As a preferred embodiment of the present invention, wherein: the method comprises the steps that a transmission path of an internal node in a vehicle running area is obtained and optimized, the intelligent scheduling management platform optimizes the obtained transmission path of the internal node in the vehicle running area through a path optimization module, the method comprises the steps of calling the path optimization module in the intelligent scheduling management platform, wherein a relay forwarding node is selected between monitoring nodes of RSU road side equipment and platform monitoring equipment at a road side end and corresponding sink nodes, and the priority selection is specifically as follows:

acquiring source nodes of road side ends in a vehicle driving area, wherein the source nodes comprise nodes of RSU road side equipment and platform monitoring equipment in road monitoring, namely, all data transmission paths for transmitting road monitoring data to corresponding sink nodes;

calculating a preferred value for each data transmission path, the preferred value being calculated as shown in formula (3):

（3）；

in the method, in the process of the invention,representing a data transmission path for a source node to transmit monitoring data of RSU road side equipment and station monitoring equipment to a corresponding sink nodeIs a preferred value of (2);is a weight coefficient;representing data transmission pathsThe number of nodes is monitored by the RSU road side equipment and the station monitoring equipment;representing data transmission pathsMiddle (f)iThe number of neighbor nodes of the data transmission node;representing data transmission pathsMiddle (f)iPacket loss rate of data transmission node and previous monitoring node;the method comprises the steps of setting a preset packet loss rate threshold value;

and based on the preference value of the data transmission path, performing sequencing preference and then serving as a relay forwarding node of the new source node.

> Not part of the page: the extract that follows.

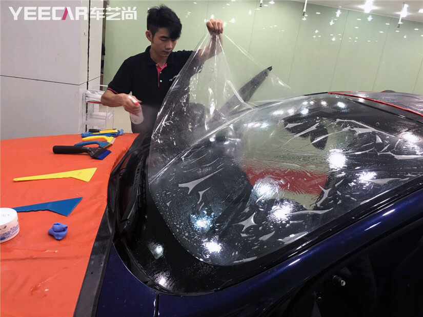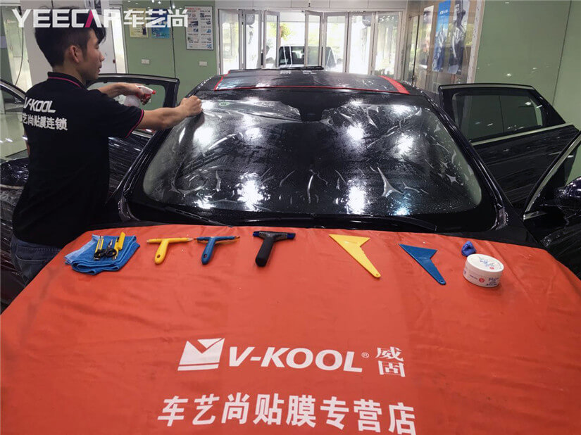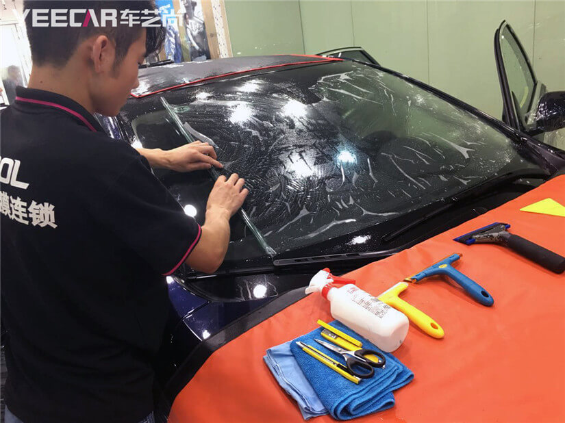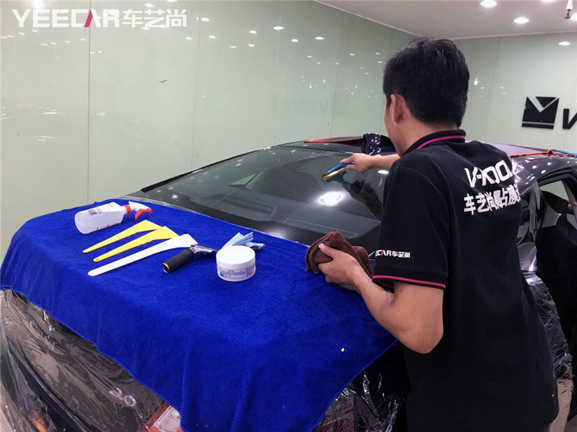 车艺尚技师专注贴膜的每一个细节,膜贴到了玻璃的边缘,整体美观大方裁剪工整,几乎看不出贴膜的痕迹

As a preferred embodiment of the present invention, wherein: the method comprises the steps of obtaining a transmission path of an internal node in a vehicle driving area to optimize, and calling an association processing module in the intelligent scheduling management platform, wherein the relay forwarding node is used for carrying out association classification transmission between monitoring nodes of RSU road side equipment and platform monitoring equipment at the road side end and corresponding aggregation nodes, and the method comprises the following specific steps:

acquiring a plurality of source nodes at a road side end in a vehicle driving area, wherein the source nodes comprise nodes of RSU road side equipment and nodes of platform monitoring equipment in road monitoring, namely, all data transmission paths for transmitting road monitoring data to corresponding sink nodes;

obtaining a node data set according to a preset area transmission path, and finding out a double frequent set from the node data set;

calculating the support degree and the confidence degree of each double item set in the double item frequent set, and constructing an association structure diagram among the aggregation nodes of the vehicle driving area according to the support degree and the confidence degree of the double item set;

obtaining important feature vectors and secondary feature vectors of all sink nodes in the association structure diagram, and carrying out feature combination on the important feature vectors and the secondary feature vectors to obtain node feature vectors;

and inputting the association structure diagram and the node feature vector into a GCN model for convolution classification, outputting classification result data, and transmitting the classification result data to an intelligent scheduling management platform.

As a preferred embodiment of the present invention, wherein: and carrying out data preprocessing on the vehicle monitoring data in the vehicle driving area, namely carrying out outlier rejection and missing value processing on the classification result data after the classification result data is transmitted to an intelligent scheduling management platform, forming the vehicle monitoring data in the vehicle driving area in different areas, carrying out feature screening processing, screening out preset vehicle driving updating data meeting preset conditions according to the target data screening model, and updating traffic index data in different areas.

As a preferred embodiment of the present invention, wherein: the outlier rejection includes:

the preset classification result data are stored in a database of the intelligent scheduling management platform, and repeated transmission preset classification result data of the same sink node are deleted; and/or the number of the groups of groups,

setting a similarity threshold of the preset classification result data, and deleting the preset classification result data in the same sink node data similarity threshold; and/or the number of the groups of groups,

deleting the data with one or more missing preset classification result data at the tail of the same sink node data.

As a preferred embodiment of the present invention, wherein: the missing value processing comprises the steps of calculating the mode of data corresponding to the data abnormal item or the data missing item in different sink node data preset item data aiming at the preset classification result data with the data abnormal item or the data missing item in the head or the middle part of the same sink node data, and replacing the corresponding abnormal or missing data with the mode.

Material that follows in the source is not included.